START INFORMATION
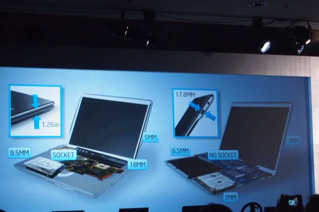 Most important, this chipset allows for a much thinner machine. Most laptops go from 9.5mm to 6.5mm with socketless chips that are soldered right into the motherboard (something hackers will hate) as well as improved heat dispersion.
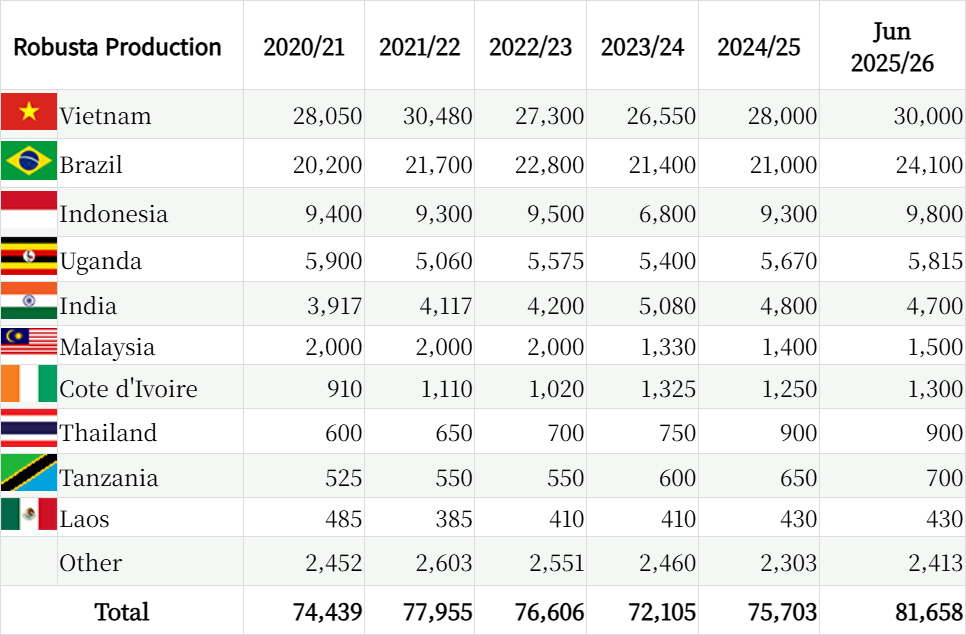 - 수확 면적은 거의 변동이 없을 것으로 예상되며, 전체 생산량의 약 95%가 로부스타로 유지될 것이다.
END INFORMATION
START INFORMATION
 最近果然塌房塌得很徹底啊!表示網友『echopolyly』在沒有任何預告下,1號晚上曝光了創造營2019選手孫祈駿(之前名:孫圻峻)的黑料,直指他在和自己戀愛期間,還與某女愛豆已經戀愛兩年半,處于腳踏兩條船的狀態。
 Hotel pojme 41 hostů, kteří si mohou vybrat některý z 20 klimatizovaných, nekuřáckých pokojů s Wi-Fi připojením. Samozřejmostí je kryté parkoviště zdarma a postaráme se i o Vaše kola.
END INFORMATION
→ **WORK TO BE COMPLETED**
Pictures aside, print exactly the lines above starting with the one containing "Most important, this" and going on through the one containing "- 수확 면적은 거의".

→ **FINAL ANSWER**
 Most important, this chipset allows for a much thinner machine. Most laptops go from 9.5mm to 6.5mm with socketless chips that are soldered right into the motherboard (something hackers will hate) as well as improved heat dispersion.
 - 수확 면적은 거의 변동이 없을 것으로 예상되며, 전체 생산량의 약 95%가 로부스타로 유지될 것이다.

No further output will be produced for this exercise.